Jones declined to provide The Maneater with a response to Monnier’s statement.

This breakdown in communication is no news, Monnier said.

“I don’t think the faculty was deliberately left out, but for a long time, there has been a disconnect in communication between administrative decisions and those populations who are affected by them,” she said. “In the case of the museum, it affects academic programming, and anyone who uses the museum for classes suddenly had that taken out of their possibilities for how they teach their course.”

The administration had been aware of the radiation problem at Pickard Hall and has been monitoring the situation for years, Monnier said.

“The timeline is really troubling,” she said. “It seems that there has been a three or four month period where the administration knew that this was inevitable and did not announce it until the end of May. It’s interesting that the university didn’t have a plan before this. There should have been a Plan B.”

In the meantime, the museum will do what it can to adapt to this situation, museum director Alex Barker said.

“While we are here, we are going to focus on increasing the accessibility of the collections online and having high-quality images served up,” he said. “Because we are further away, we are also learning to increase our focus on outreach.”

Barker said he hopes the museum will safely return to Pickard in the near future.

“I think in the long-term, it’s important for the museum to be as accessible as possible to students,” he said. “We just do not have enough information at this time to say when we can go back. But I hope we will be back on campus soon.”

The museum plans to be fully moved out of Pickard Hall by the end of 2013 and reopen at the new location around April 2014, Barker said.

In addition to the Museum of Art and Archaeology, the Museum of Anthropology, located in Swallow Hall, and several offices based out of Jesse Hall will temporarily relocate to Mizzou North while the Renew Mizzou renovations take place.

Future on-campus housing

The Department of Residential Life’s future plans include increasing housing on-campus and eventually stopping use of Tiger Diggs as an off-campus housing supplement, Minor said.

In addition to Virginia Avenue South Housing, two new residence halls, currently referred to as “Building One” and “Building Two,” and a new dining facility have been approved.

Building One will be constructed over the basketball court area located between Lathrop Hall and South Hall, and will open in the fall of 2016.

Jones Hall will be demolished in January 2015 to make room for Building Two and the new dining hall. These two structures will open in Fall 2017.

The second phase of the plan, which has yet to be approved, will potentially demolish Laws and Lathrop halls to construct new buildings over them. The Pavilion at Dobbs will also be demolished after the new dining hall is completed, and a third building will take its place.

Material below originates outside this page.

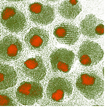(사진; 암세포와 자성입자; 암세포에 달라붙은 나노자성입자)
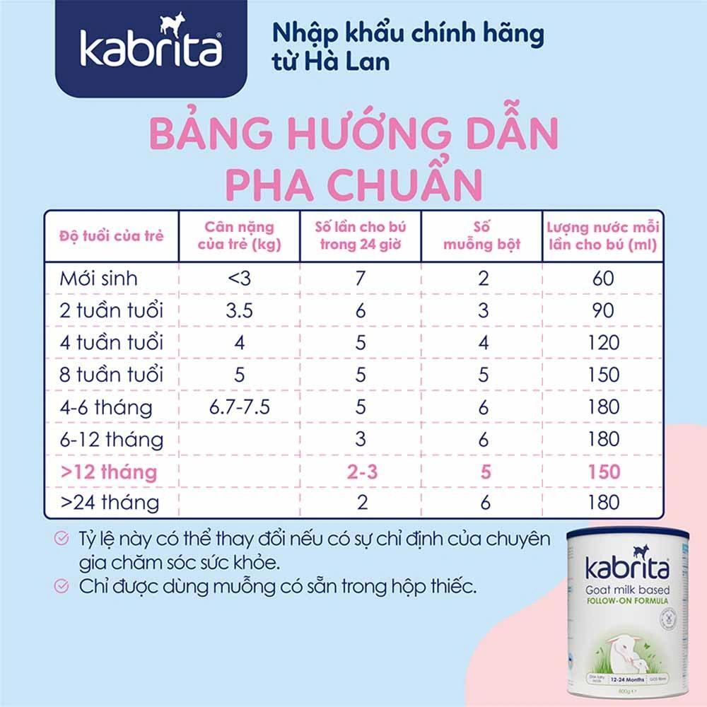 .Pha sản phẩm không quá 1 giờ trước khi cho trẻ uống..Rửa tay thật sạch trước khi pha sản phẩm..Rửa tay thật sạch trước khi pha sản phẩm và dùng dụng cụ pha sản phẩm đã được vệ sinh sạch sẽ..Cho vào cốc đúng lượng nước đun sôi, để nguội xuống còn khoảng 40 °C..Cho 06 muỗng sản phẩm dinh dưỡng công thức từ sữa dê Kabrita dành cho trẻ 24 tháng tuổi trở lên vào 180ml nước..Lắc đều cho đến khi tan hết bột. Kiểm tra nhiệt độ ở mặt trong cổ tay của bạn.Pha sản phẩm không quá 1 giờ trước khi cho trẻ uống.

In total, the second phase will add up to 350 beds to the 1,000 existing beds in those halls marked for demolition, Minor said.

“The challenge is that we are running out of room,” he said. “So if we were to add more housing, it would mean we may need to acquire more property.”

Though currently unlikely, the prospect of the university expanding its borders is concerning, Columbia City Councilman Karl Skala said.

“I don’t see any huge issue with that yet, but there may be a time at which there may be a conflict between what the university wants to do and what the city wants to do,” he said.